## Assigned task
The records should be repeated word for word, pictures excluded.

## Data excerpts
▬▬▬▬▬▬▬▬▬▬
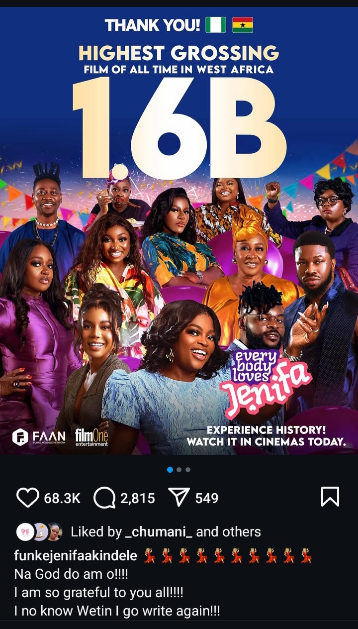 “A billy gang, we’re up! Everybody Loves Jenifa has grossed over ₦1.6 billion at the box office! We can’t thank you enough for showing this movie all your love”
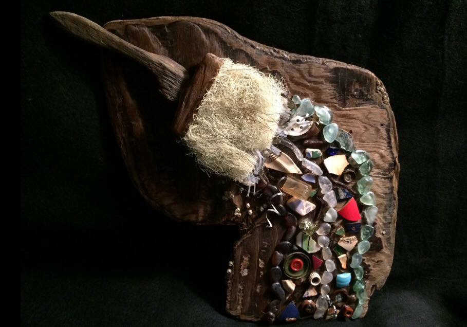 I create art from antique and vintage pottery shards, glass, seaplanks and seametals that I scavenge from Wrangell’s old garbage dump beach. Sometimes my sculptures are loosely planned, or sketched out, and other times I go to my work table with a “blank slate,” which is usually a seaplank I’ve salvaged from a boat graveyard.
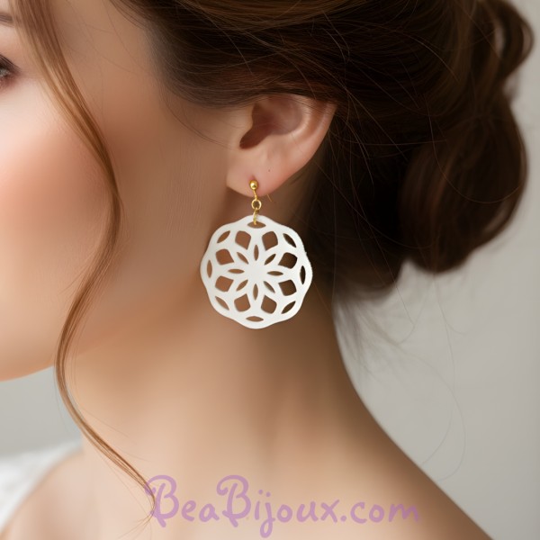 Motif Mandala Ajouré : Chaque boucle présente un magnifique motif mandala ajouré de 4,2 cm de diamètre, réalisé en simili cuir blanc (travaillé en recto-verso pour un rendu raffiné). Le motif crée un effet de dentelle moderne.
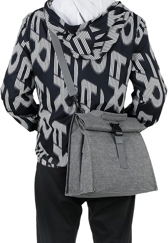 Insulated Lunch Bag for Men/Women/Kids, Roll top Reusable Lunch Box with Adjustable Shoulder Strap, Thermal Lunch Cooler Tote Container for Adults/Teens School Work Office Picnic,Grey
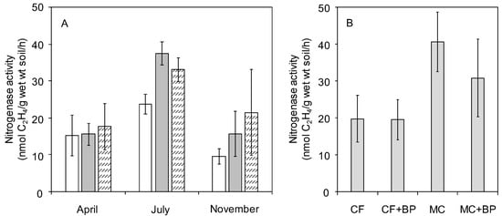 Effects of sampling months and different material applications on the potential nitrogenase activity in soil bacteria. The nitrogenase activity was measured using soils collected from CF (open columns), MC (gray columns), and MC + BP (hatched columns) plots in 2018 (A) and July 2019 (B). A column with an error bar indicates a mean ± SD.
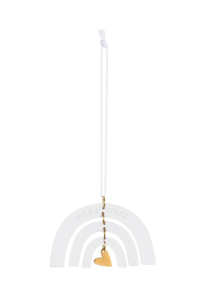 Ein kleiner Regenbogen für Zuhause. Er lässt sich an Sträucher hängen oder wo auch immer man ihn hängen sehen will. Der Regenbogen besteht aus Porzellan und ist an einem Baumwollband befestigt. Das kleine goldene Herzelement ist aus mattem Metall. Auch als kleine Aufmerksamkeit für einen lieben Menschen, ist der kleine Regenbogen eine süße Überraschung.
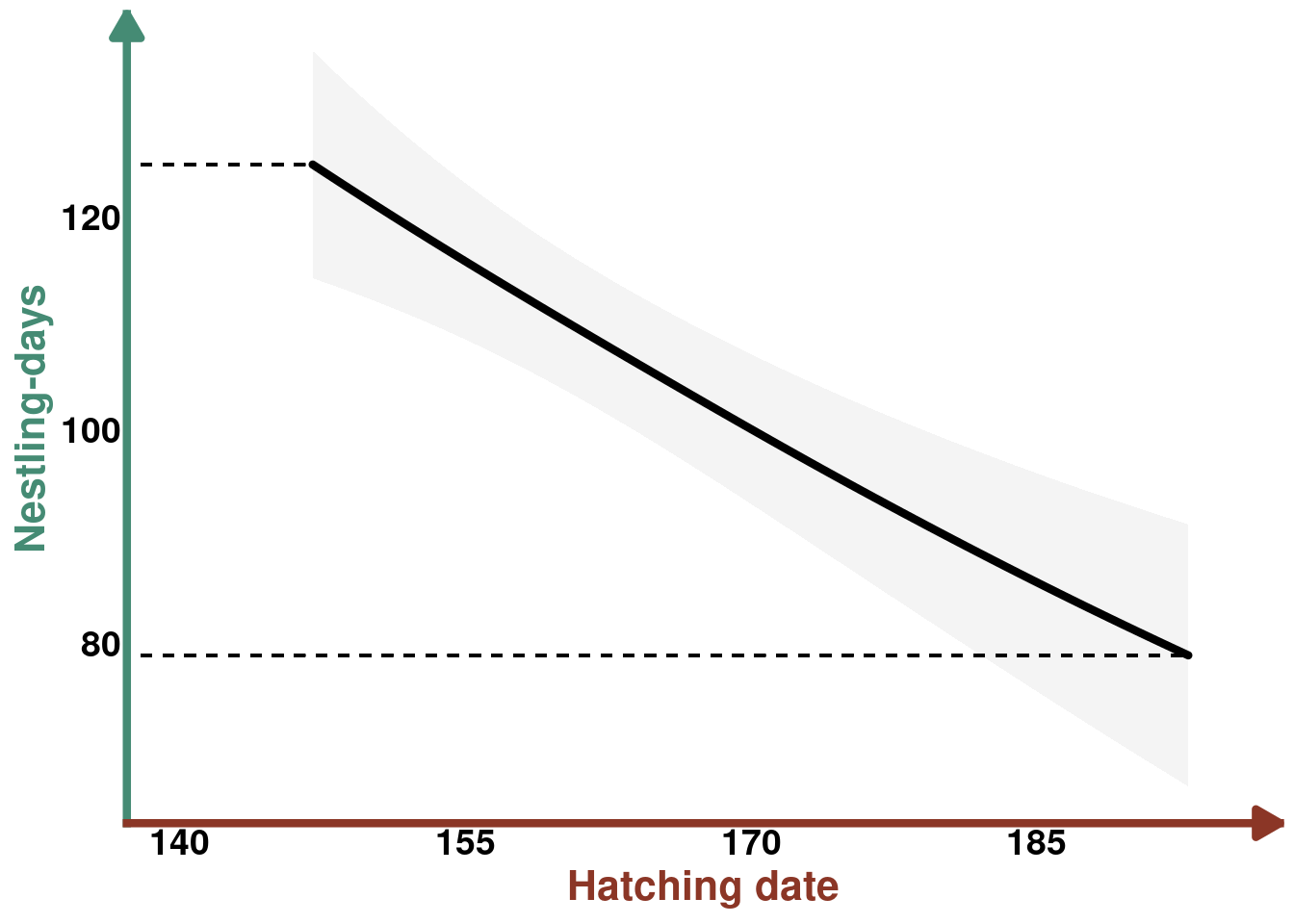 geom_segment(y=max(pred_temp$estimate), x = 0, xend= max(pred_temp$timing_clutch), linetype= "dashed") +
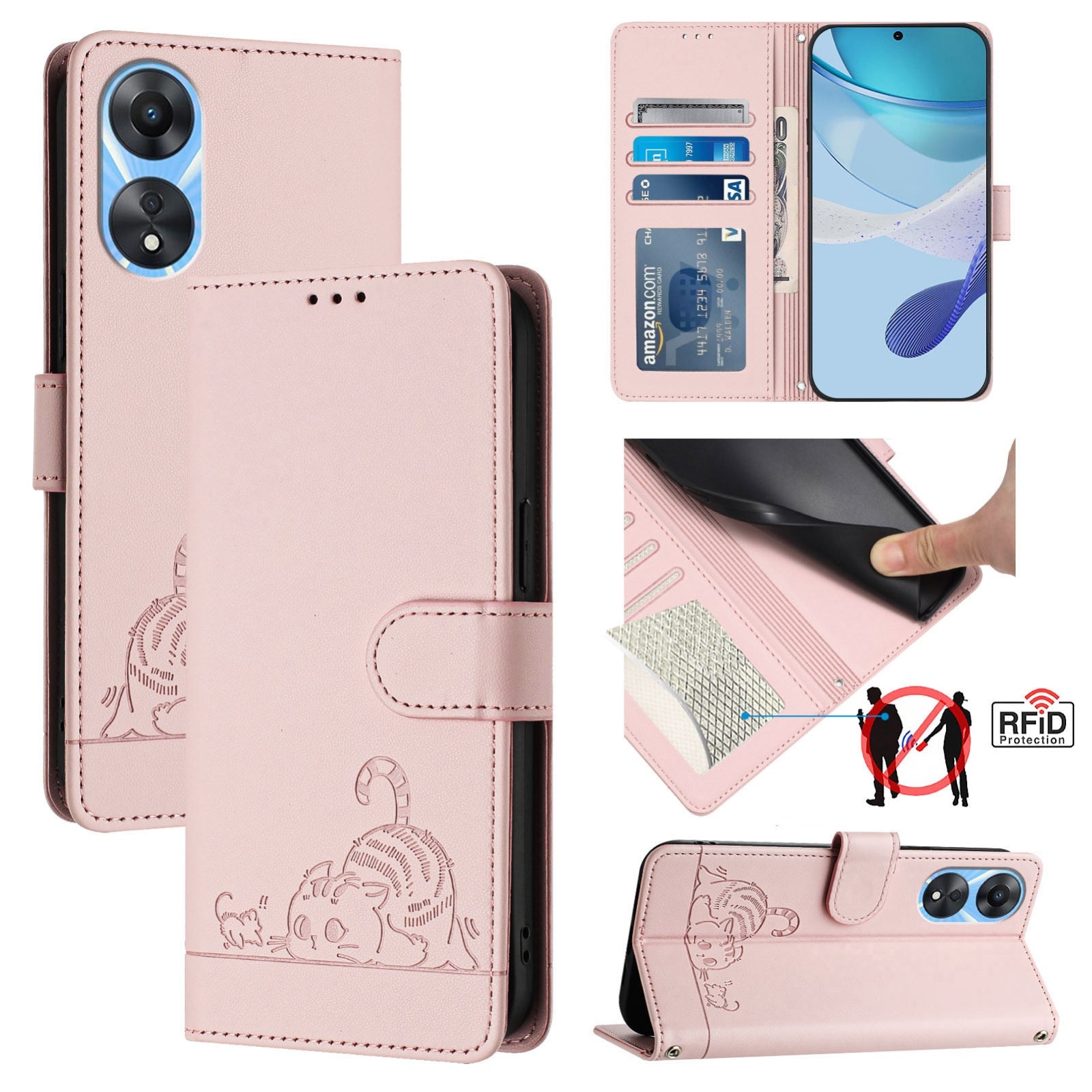 OPPO A78 5G Global Cat and Rat Embossed Pattern, RFID Leather Phone Case with Lanyard, Kickstand, and Wallet Features
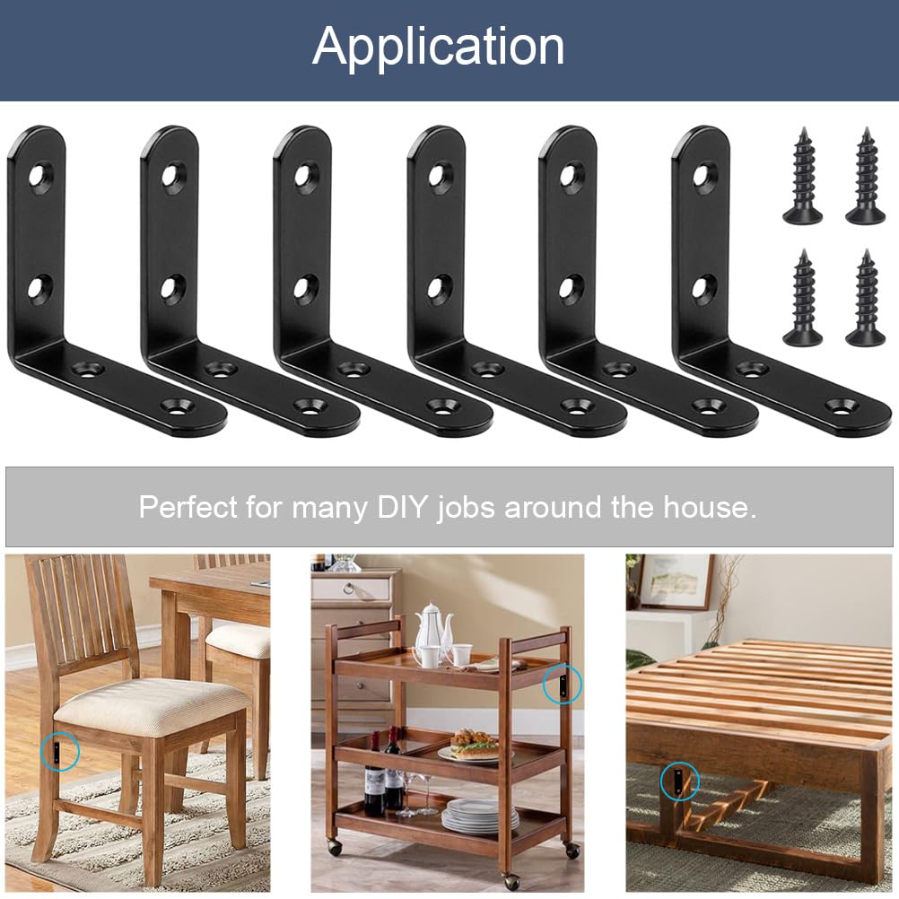 - Black l brackets are suitable for repairing and reinforcing, If your wooden furniture always shaking and buzzing, Ours support brackets can help you resolve this problem well.
▬▬▬▬▬▬▬▬▬▬
## Answer
 “A billy gang, we’re up! Everybody Loves Jenifa has grossed over ₦1.6 billion at the box office! We can’t thank you enough for showing this movie all your love”
 I create art from antique and vintage pottery shards, glass, seaplanks and seametals that I scavenge from Wrangell’s old garbage dump beach. Sometimes my sculptures are loosely planned, or sketched out, and other times I go to my work table with a “blank slate,” which is usually a seaplank I’ve salvaged from a boat graveyard.
 Motif Mandala Ajouré : Chaque boucle présente un magnifique motif mandala ajouré de 4,2 cm de diamètre, réalisé en simili cuir blanc (travaillé en recto-verso pour un rendu raffiné). Le motif crée un effet de dentelle moderne.
 Insulated Lunch Bag for Men/Women/Kids, Roll top Reusable Lunch Box with Adjustable Shoulder Strap, Thermal Lunch Cooler Tote Container for Adults/Teens School Work Office Picnic,Grey
 Effects of sampling months and different material applications on the potential nitrogenase activity in soil bacteria. The nitrogenase activity was measured using soils collected from CF (open columns), MC (gray columns), and MC + BP (hatched columns) plots in 2018 (A) and July 2019 (B). A column with an error bar indicates a mean ± SD.
 Ein kleiner Regenbogen für Zuhause. Er lässt sich an Sträucher hängen oder wo auch immer man ihn hängen sehen will. Der Regenbogen besteht aus Porzellan und ist an einem Baumwollband befestigt. Das kleine goldene Herzelement ist aus mattem Metall. Auch als kleine Aufmerksamkeit für einen lieben Menschen, ist der kleine Regenbogen eine süße Überraschung.
 geom_segment(y=max(pred_temp$estimate), x = 0, xend= max(pred_temp$timing_clutch), linetype= "dashed") +
 OPPO A78 5G Global Cat and Rat Embossed Pattern, RFID Leather Phone Case with Lanyard, Kickstand, and Wallet Features
 - Black l brackets are suitable for repairing and reinforcing, If your wooden furniture always shaking and buzzing, Ours support brackets can help you resolve this problem well.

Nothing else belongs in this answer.